Kamery monitoringu nie od parady

KUDOWA-ZDRÓJ (inf. wł.). O wielkim pechu może mówić dwóch młodzieńców, którzy nie tak dawno dopuścili się aktu wandalizmu w ogrodzie muzycznym. Ich poczynania wobec jednej z rzeźb zarejestrowała kamera monitoringu, dzięki czemu przestali być anonimowi. Zaproszeni do dobrowolnego pokrycia szkody, chyżo to uczynili i teraz już na pewno wiedzą, że monitoring w Kudowie-Zdroju to nie atrapa, jak uważają co niektóre osoby.
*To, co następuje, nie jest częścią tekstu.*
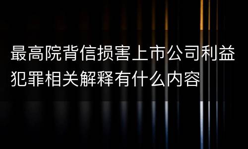 最高院背信损害上市公司利益犯罪相关解释有什么内容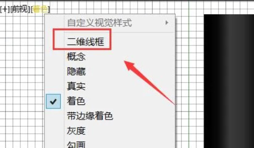 步骤6、再找到视觉样式选项,点击视觉样式选项在其下拉菜单里找到2d线框选项。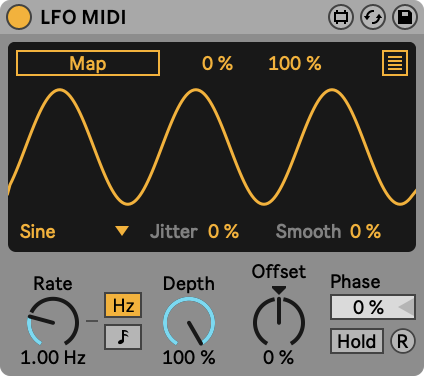 Contrary to the default LFO, this version can live inside MIDI chains, and be saved as part of MIDI Effect Rack presets.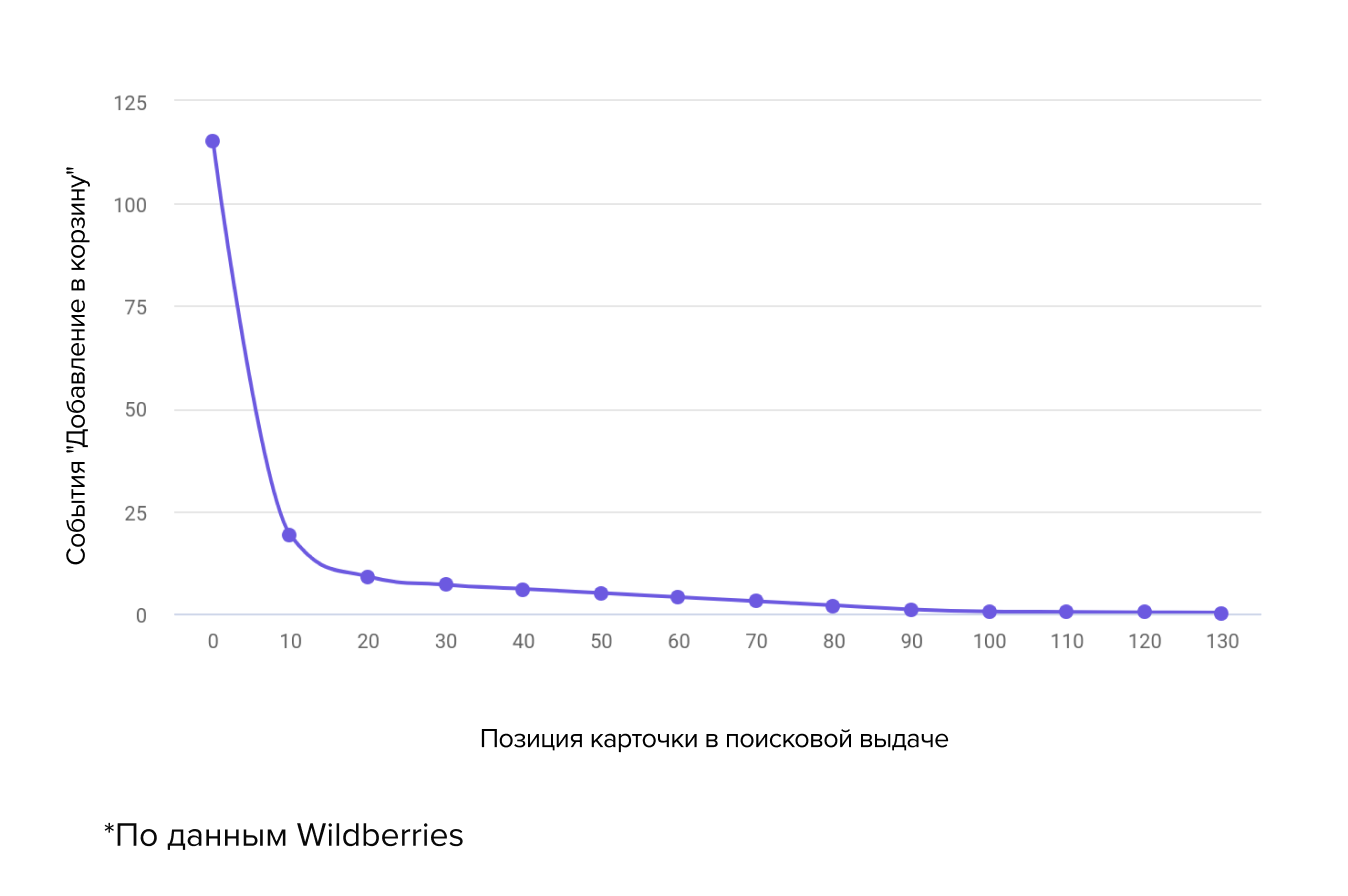 Чем выше ваша позиция в поиске, тем больше шансов попасть в корзину — причем основная борьба, по данным WB, идет за первые 10 позиций.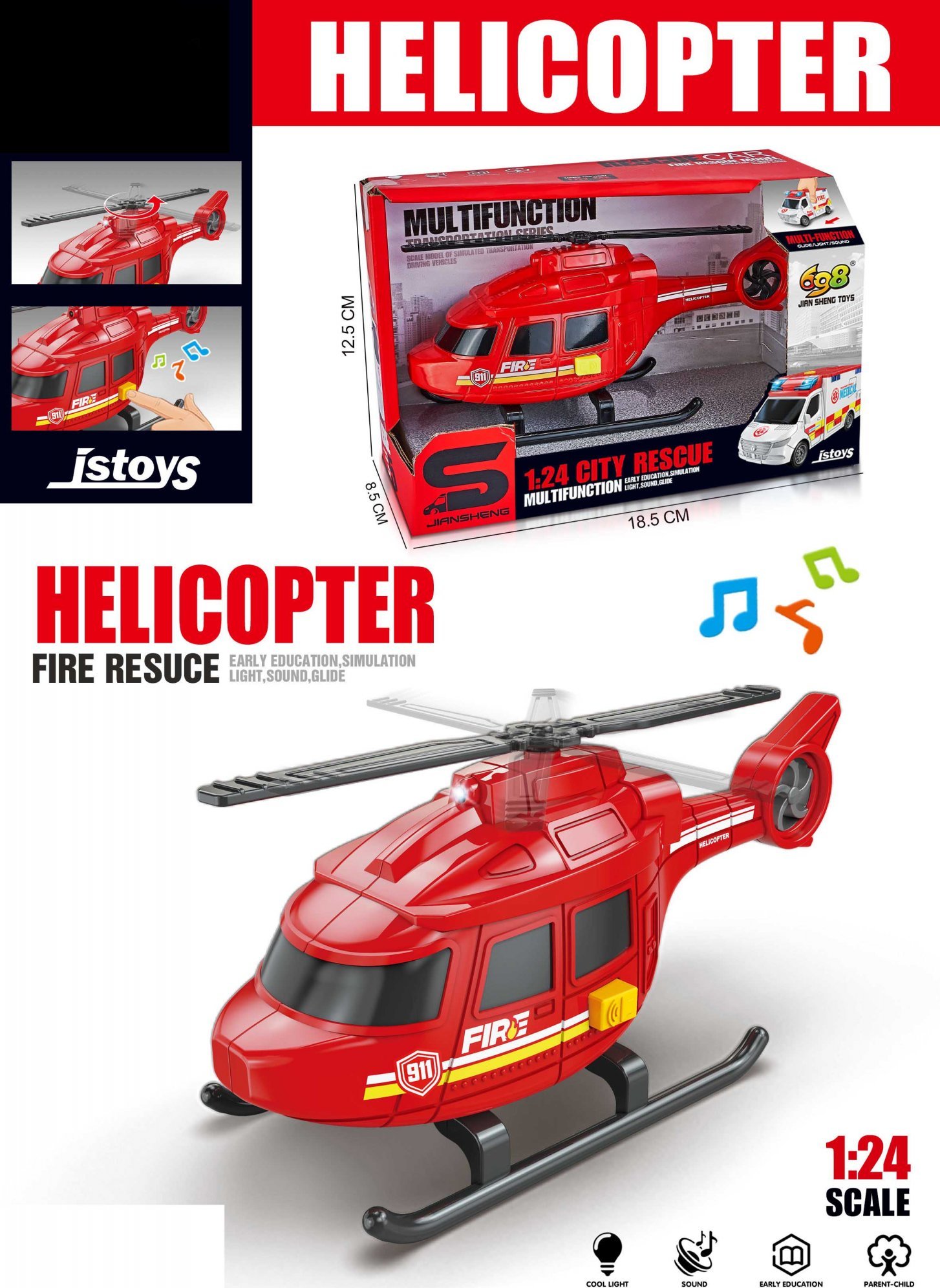Vrtulník s efekty. Světelné a zvukové efekty tlačítkem na levé straně vrtulníku. 3xAG13 baterie součástí.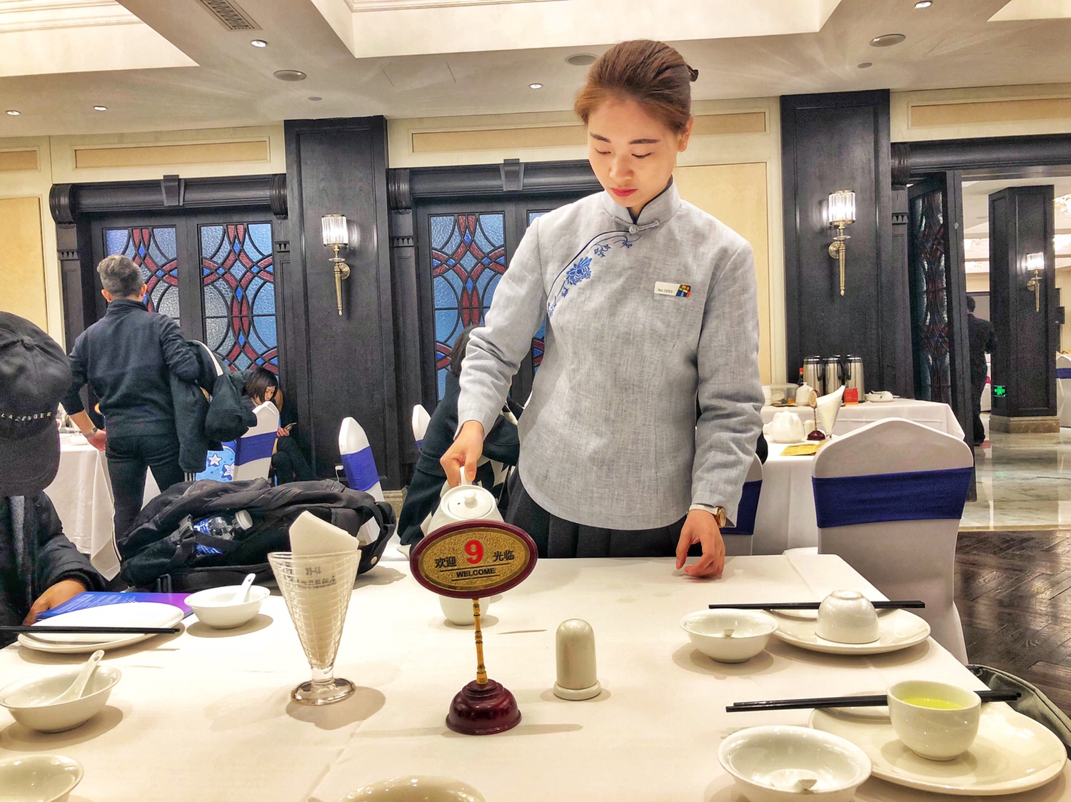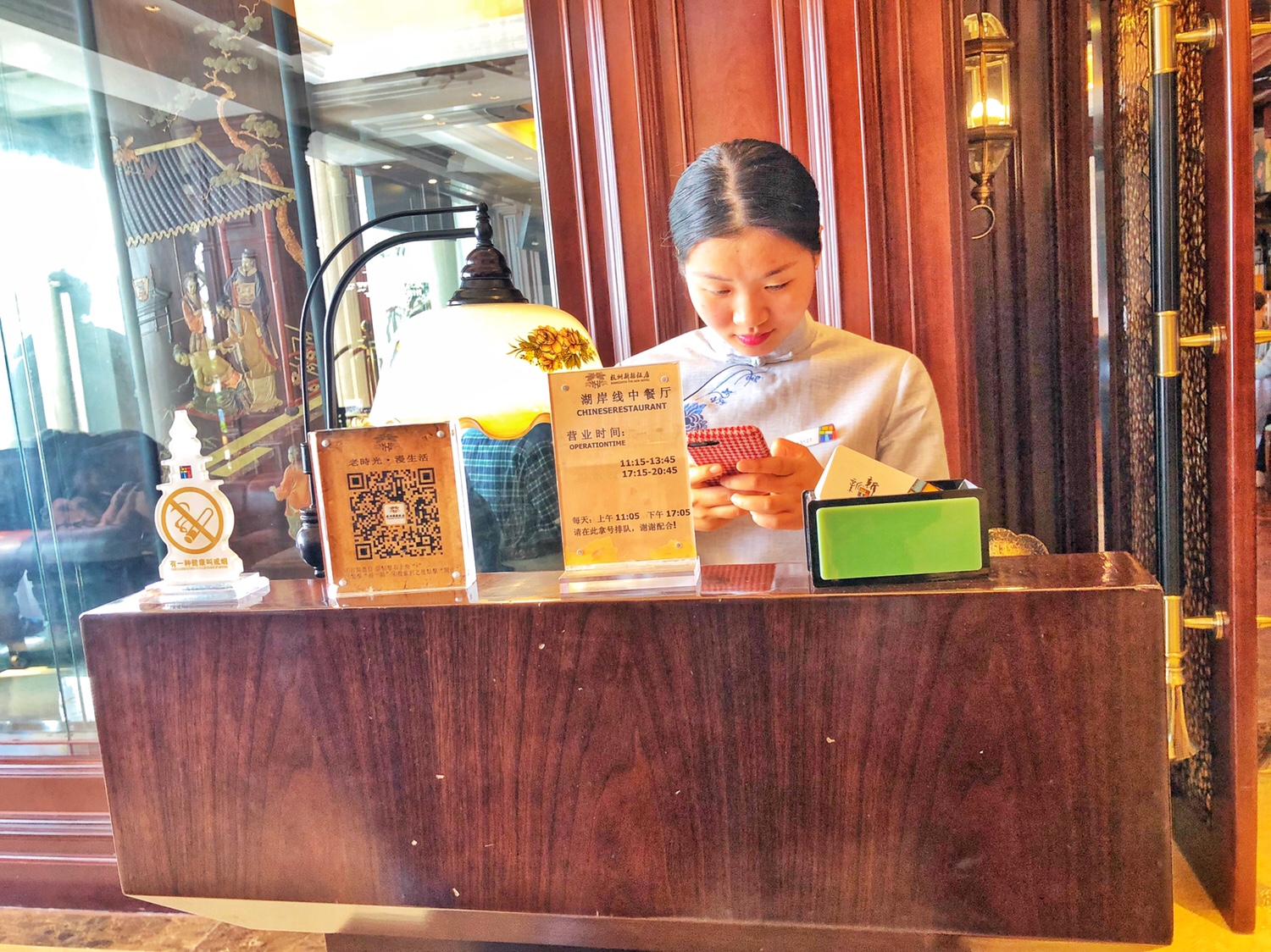 พนักงานรอต้อนรับที่เคาน์เตอร์พอเห็นพวกเราก็รีบกดมือถือส่งแปลภาษาอังกฤษมาทันทีว่าโต๊ะเต็มหมดแล้ว แต่จะพาไปอีกห้องหนึ่งของโรงแรมที่ยังมีโต๊ะว่างอยู่ ในตอนนั้นทุกคนคิดว่า โห อะไรจะขนาดน้าน ร้านนี้มันต้องอร่อยแน่ ๆ

A tak w ogóle to przypadki wandalizmu na obszarze przygranicznego kurortu do rzadkich nie należą. Jak powiedziała nam sekretarz miasta Justyna Klich - coraz częściej, właśnie dzięki podglądowi z kamer, sprawcy są rozpoznawani i odczuwają to w swoich portfelach. Jeśli już kogoś roznosi energia i chce ją wyzwolić, to zamiast niszczyć, z pożytkiem może np. pozbierać odpadki pozostawione przez osoby korzystające ze ścieżek spacerowych i tras rowerowych.